1) It is the responsibility of the application to fetch data from the TCP receive buffers. Since the buffer decreases to 0 and (assuming from your information) does not get back to a normal value, it is the application that is at fault here. It does not fetch data from the TCP receive buffer. So it's logical that the "zero window" condition vanishes as the application is restarted. However, the exact cause of the lockup does not go away that way.

(08 Nov '10, 06:22) SYN-bit ♦

2) As it's an application problem, communication to other servers will not be affected. Unless the same application runs on other systems without problems. Then you need to look for the specifics on the faulty server. If not, then you need to troubleshoot the application.
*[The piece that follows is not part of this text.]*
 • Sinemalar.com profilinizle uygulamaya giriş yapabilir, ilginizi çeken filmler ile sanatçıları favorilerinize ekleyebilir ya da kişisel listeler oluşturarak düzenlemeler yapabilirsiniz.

3) I don't think the picture is any good, for one thing, the ACK's of the server don't seem to free buffer space on the client, which of course it should be doing.

(08 Nov '10, 06:22) SYN-bit ♦

Plinio, it's important to separate the send versus receive window sizes. Remember, you cannot see the send window size in the packet traces. Only the RECEIVE window sizes are visible in the packet trace files. Things to keep in mind are: 1) Typically SEND and RECEIVE window sizes are set equally. So whatever your RCV window size is, that's the SEND window size as well. 2) The WIN field in the packet trace is ALWAYS the RECEIVE window size. It has nothing to do with what it can send.
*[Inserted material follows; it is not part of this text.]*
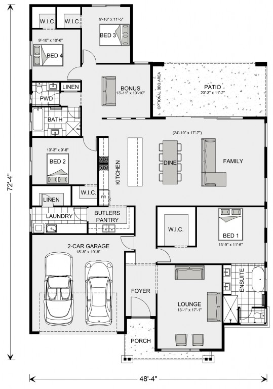 Combining elegant spatial flow and intelligent separation of private spaces the Vista design has all the features to meet modern family requirements with space for every member of the family. At the heart of the home is the perfect space for the family to come together and entertain guests, boasting an impressive open plan living area with kitchen, Dining and Family that opens outdoors onto a large covered Alfresco. Towards the rear of the home is the kids’ zone with bedrooms and family bathroom surrounding a central activity room. A master bedroom suite is privately positioned behind a separate lounge room to the front and is complemented by a well-appointed ensuite and walk in robe. As with any G.J. Gardner Home, we can customize this plan to suit your lifestyle. Contact one of our Design Centers today!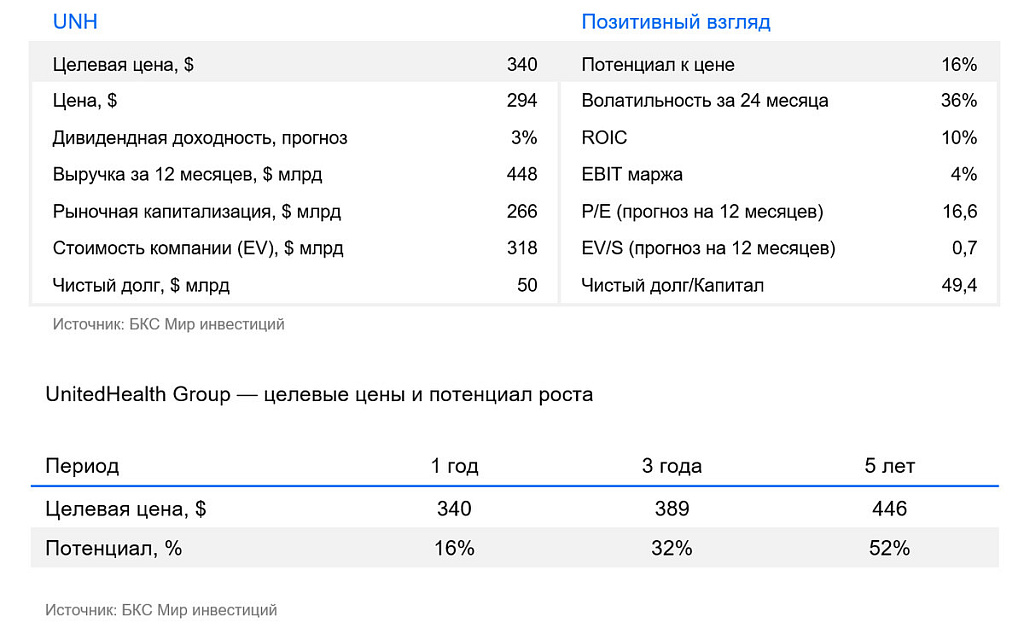 UnitedHealth сочетает масштабный страховой бизнес UnitedHealthcare и вертикально интегрированные медицинские сервисы Optum (Health, Rx, Insight).

3) TCP is a two way communication. So often it helps if you analyze the flow in one direction.

(08 Nov '10, 07:25) hansangb

4) The RCV window size tells the SENDER what the RECEIVER can take. In other words, RCV window is the throttling mechanism used by the RECEIVER. 5) The SEND window is the throttling mechanism for the sender. If it runs out of the SEND window size, it has to stop (regardless of the receiver's RCV window size).

6) The SENDER has to stop if the RECEIVER advertises a zero window.

When the application removes the data from the TCP stack, the stack will advertise the new window size as appropriate. There are some rules about when it can advertise this, but don't worry about that for now.